(Data Opens)

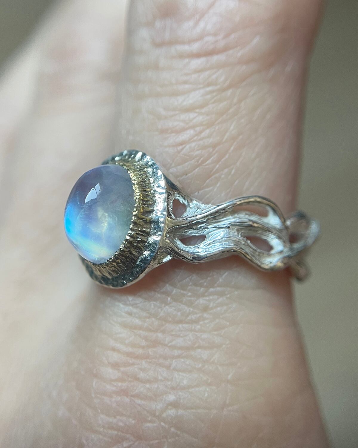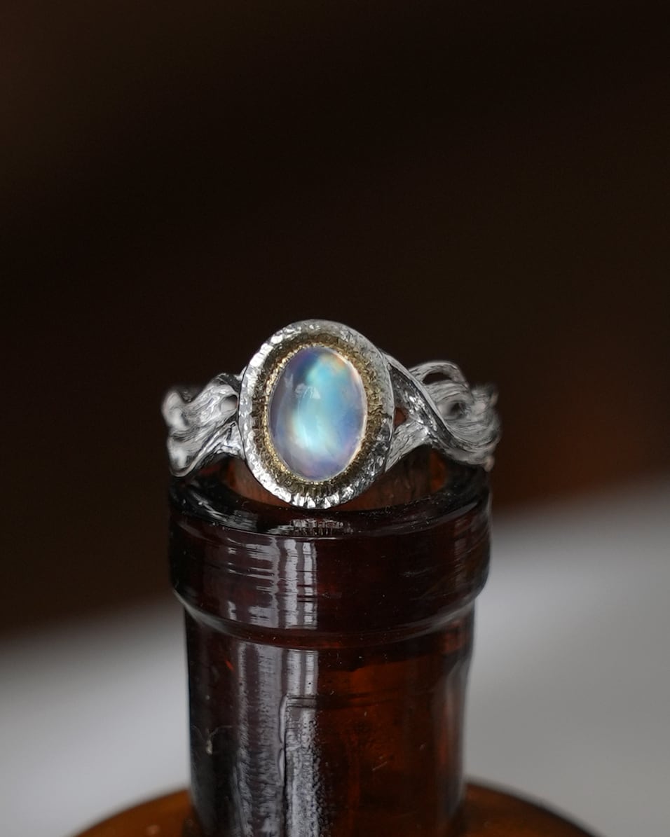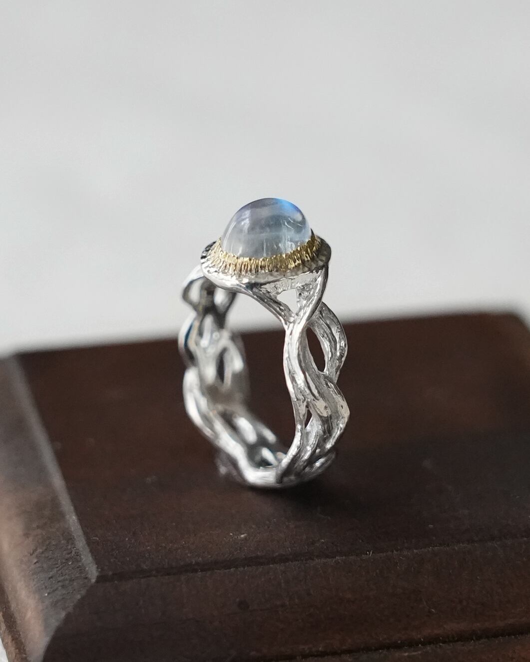 ルースの周りは真鍮で囲い、しなやかで美しく波打つ髪をモチーフにしたシルバーのアームと合わせました。
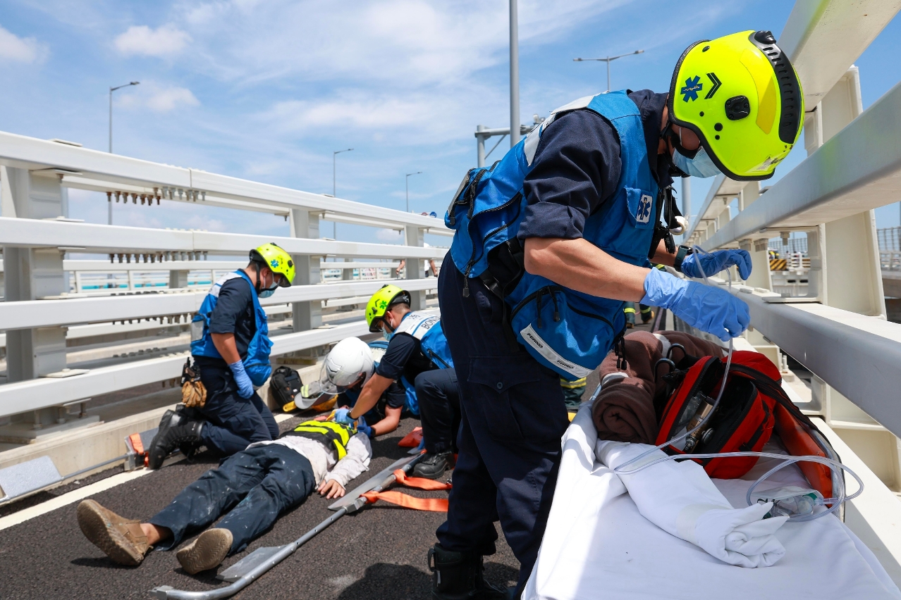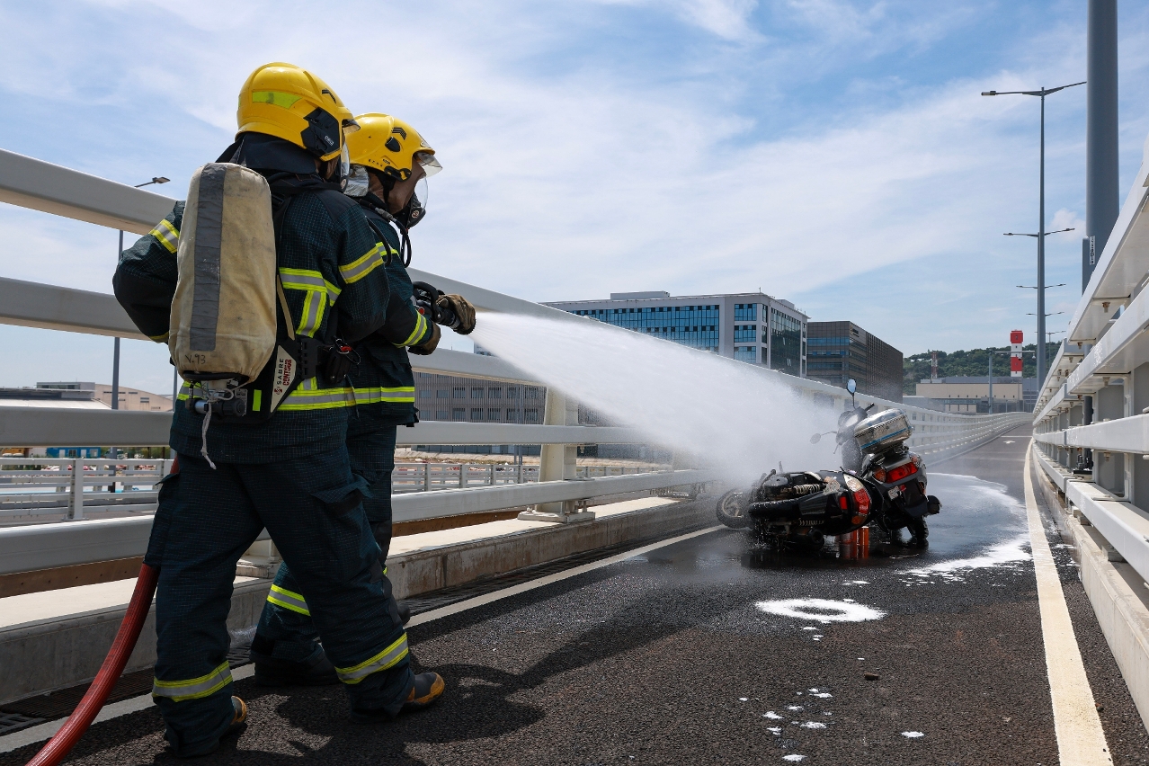 為加強澳門大橋在通車後的救援部署和應急協調能力,消防局於本年9月10日上午,聯同公共建設局、交通事務局及治安警察局在澳門大橋電單車專道舉行交通意外事故演習。
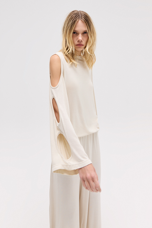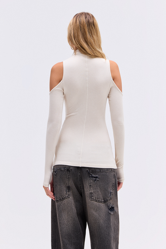BLUSA GOLA ALTA ABERTURA OMBRO MALHA BEGE
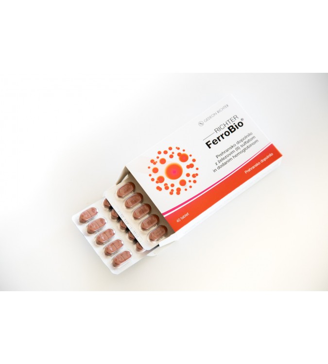 RICHTER FerroBio je prehransko dopolnilo, ki vsebuje železo v obliki železovega (II) sulfata z dodanim hemskim železom, kar omogoča optimalno biološko uporabnost in izjemno dobro prenosljivost. Na absorpcijo ne vplivajo ne želodčna kislost ne hrana ali pijača.
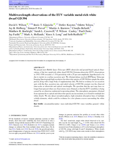 Title: | Multiwavelength observations of the EUV variable metal-rich white dwarf GD394 |
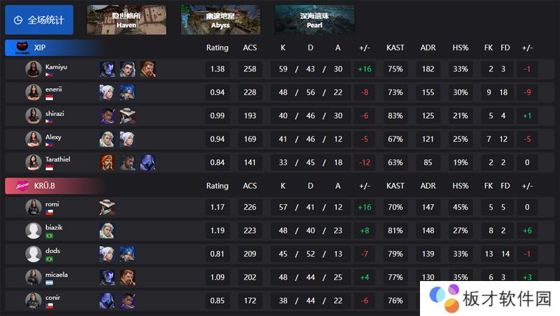 图一隐世修所,XIP 6:13 KRU,图二幽邃地窟,XIP 13:10 KRU,图三深海明珠,XIP 13:9 KRU。来自菲律宾的Kamiyu选手拿到了全场最高的59总击杀,也是XIP逆转取胜的关键。
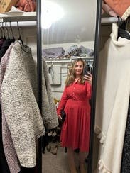 Fun dress, rented to be festive at work for Valentine's Day. I can never seem to figure out the sizing on Draper James, usually their clothes are a little big but this dress ran small especially in the bust. I had to pin it close and when I moved my arms open it really looked strange across the chest. 100% polyester that has 0 stretch, also gets tons of static, even with a slip the dress kept sticking to my legs. Looked cute but not a great fit for me
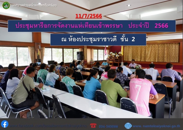 เมื่อวันที่ 11 กรกฎาคม 2566 เวลา 10.00 น. ดาบตำรวจรักประสงค์ แสนสม นายกเทศมนตรีตำบลน้ำตกไทรโยคน้อย ร่วมประชุมหารือคณะผู้บริหาร คณะกรรมการชุมชน จัดงาน ”โครงการสืบสาน ประเพณีแห่เทียนเข้าพรรษา" ประจำปี 2566 " โดยกำหนดจัดงาน วันที่ 27 กรกฎาคม 66
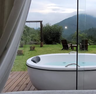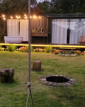 Convidamos casais a conhecerem nossa casa-container em Terê, onde poderão desfrutar de uma experiência única com todo conforto em um lugar de paz e conexão com a natureza. Este refúgio oferece uma vista incrível para as montanhas e uma energia especial sentida por todos que passam por aqui. Localizada em um condomínio no "Circuito Terê-Fri", a apenas 20 minutos do centro de Terê, a casa possui cozinha completa, banheira externa aquecida, cama queen, fogo de chão, rede horizontal, balanço e muito mais. Venha se reconectar com você mesmo(a) e com seu par em um ambiente encantador!

(Data Closes)

Given the listing above, repeat exactly the lines starting at the one with "Title: | Multiwavelength" and ending at the one with "เมื่อวันที่ 11 กรกฎาคม", inclusive, excluding pictures.

 Title: | Multiwavelength observations of the EUV variable metal-rich white dwarf GD394 |
 图一隐世修所,XIP 6:13 KRU,图二幽邃地窟,XIP 13:10 KRU,图三深海明珠,XIP 13:9 KRU。来自菲律宾的Kamiyu选手拿到了全场最高的59总击杀,也是XIP逆转取胜的关键。
 Fun dress, rented to be festive at work for Valentine's Day. I can never seem to figure out the sizing on Draper James, usually their clothes are a little big but this dress ran small especially in the bust. I had to pin it close and when I moved my arms open it really looked strange across the chest. 100% polyester that has 0 stretch, also gets tons of static, even with a slip the dress kept sticking to my legs. Looked cute but not a great fit for me
 เมื่อวันที่ 11 กรกฎาคม 2566 เวลา 10.00 น. ดาบตำรวจรักประสงค์ แสนสม นายกเทศมนตรีตำบลน้ำตกไทรโยคน้อย ร่วมประชุมหารือคณะผู้บริหาร คณะกรรมการชุมชน จัดงาน ”โครงการสืบสาน ประเพณีแห่เทียนเข้าพรรษา" ประจำปี 2566 " โดยกำหนดจัดงาน วันที่ 27 กรกฎาคม 66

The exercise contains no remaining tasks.